Slashdot Mirror


Java Tools For Extreme Programming

David Kennedy writes: "Java Tools For Exteme Programming: Mastering Open Source Tools including Ant, JUnit and Cactus by Hightower & Lesiecki is a welcome addition to my bookshelf at work. It tackles a gap in the Java book market in dealing with the thorny issues of testing, integration and deployment." The rest of his review is below. Java Tools For Exteme Programming: Mastering Open Source Tools including Ant, JUnit and Cactus author Richard Hightower & Nicholas Lesiecki pages 516 publisher Wiley Computer Publishing rating 8 reviewer David Kennedy ISBN 047120708X summary Practical introduction to Java tools for Extreme Programming, with an emphasis on immediate results rather than deep theory.

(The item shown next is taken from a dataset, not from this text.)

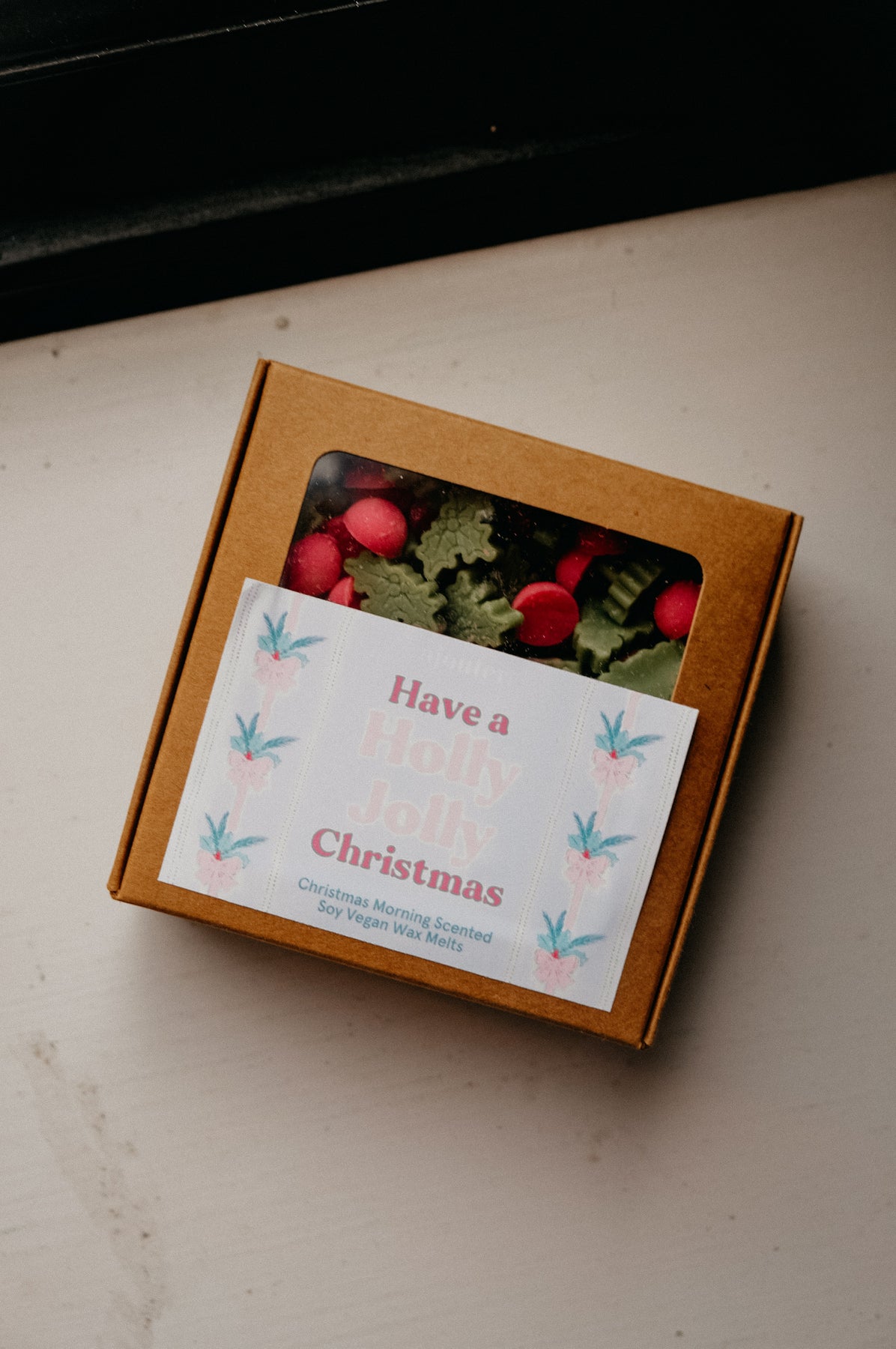 Complete your cosy decor with the Holly Jolly Shimmer Wax Melts. Expect sparkling clementine with warming cinnamon and balsam fir trees. Comes complete with a box.

In recent years there has been a increased emphasis on Agile Software Development. The most prominent of these methodologies is probably Extreme Programming.

What sets Extreme Programming apart from most other Agile Technologies, in my opinion at least, is that it has provided practical, easy-to-use tools to support its way of working. Most of these tools (Ant, JUnit etc) are Open Source and freely available. However popular these tools have been with the Open Source and Extreme Programming communities, it has arguably been difficult to introduce them to traditional IT development environments. This has been primarily due to the problems of justifying spending time on 'playing' with something and the difficulties of retro-fitting new tools to an existing development environment (think projects of 150+ people which have been releasing for 5-10 years for some idea of the potential problems).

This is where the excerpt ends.